BIM47712 - Specific deductions: travel and subsistence: living expenses abroad — foreign trades

S92-S94 Income Tax (Trading and Other Income) Act 2005

This guidance applies for Income Tax only.

If, either alone or in partnership, an individual carries on a trade wholly outside the UK (a foreign trade), a deduction is allowable in calculating the profits of the trade for certain expenditure on travel, board and lodging incurred in connection with that trade and which would not otherwise be allowable solely due to its failing to meet the ‘wholly and exclusively’ test at BIM37000 onwards.

The deduction is not available where such profits are charged on the remittance basis. It is given only where the trader’s absence from the UK is wholly and exclusively for the purpose of carrying on either the foreign trade or that trade and one or more other trades (whether or not foreign trades).

The deductible expenses are as follows:

(a) Expenses incurred by the trader in travelling between a UK location and the location of the foreign trade.

(b) Expenses incurred by the trader on board and lodging at the location of the foreign trade.
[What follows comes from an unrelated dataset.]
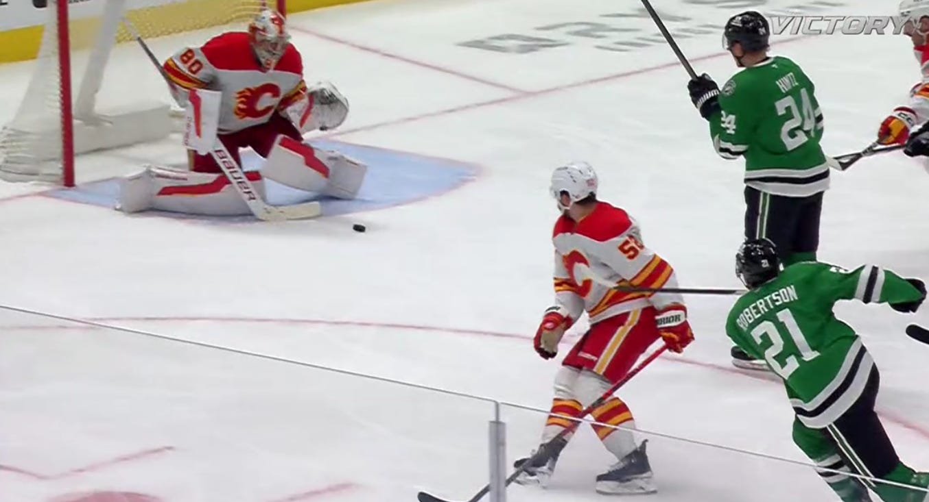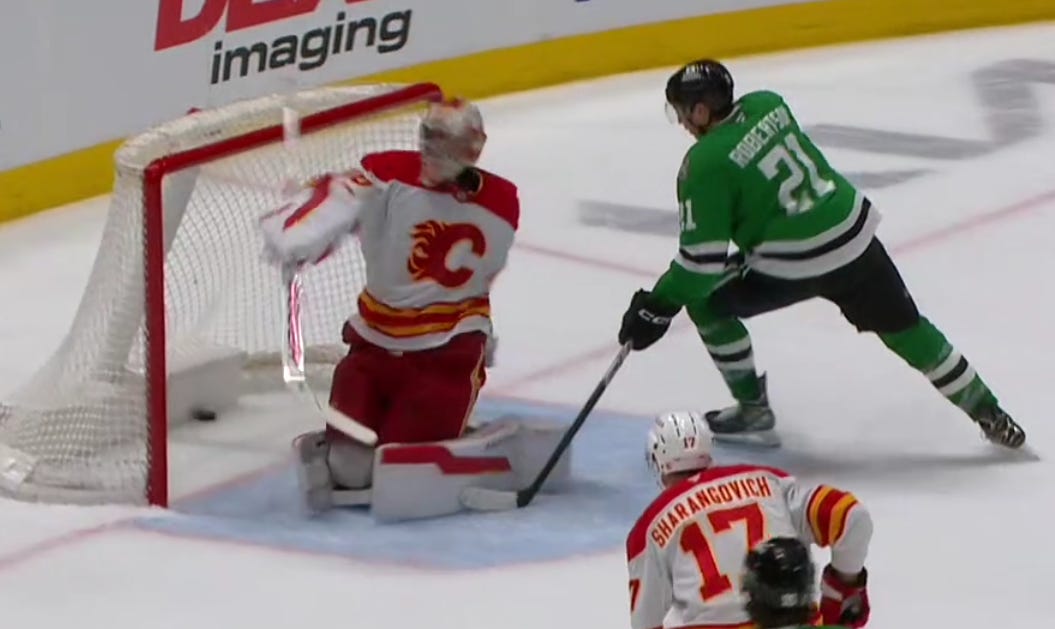 But give them credit: the Flames, complete with old friend Joel Hanley on their second defense pair, forced the Stars to come from behind for most of the night, even jumping out to a 2-0 lead for a glorious minute and a half. Dallas looked tired—Duchene confirmed after the game that a lot of players were running low on energy in this one—and they played tired, with even the fearsome Lian Bichsel getting walked by Joel Farabee for the game’s first goal.

(c) Expenses incurred by the trader in travelling between the location of the foreign trade and the non-UK location of any other trade carried on by him wholly or partly outside the UK.

(d) If the trader’s continuous absence from the UK lasts 60 days or more, expenses of a journey made by his spouse or civil partner or by any child of his between a UK location and the location of any of the trades in question where that journey is made in order to accompany the trader at the beginning of his period of absence or to visit him during that period or is a return journey in connection with a journey of either of those kinds. The deduction is limited to the expenses of two such outward journeys and two return journeys per person per tax year. A child includes a stepchild or an illegitimate child but does not include a person aged 18 or over at the start of the outward journey.

Where more than one foreign trade is carried on at the overseas location, expenses within (a) and (b) above are allocated between the trades on a just and reasonable basis. Where the trader’s absence is for the purpose of carrying on more than one foreign trade, expenses within (d) above are likewise allocated on a just and reasonable basis. Expenses within (c) above are allocated to the trade carried on at the journey’s destination if that is a foreign trade; otherwise they are allocated to the foreign trade carried on at the place of departure. If more than one foreign trade is carried on at the place of destination or at the place of departure, as the case may be, the expenses are again allocated between the foreign trades on a just and reasonable basis.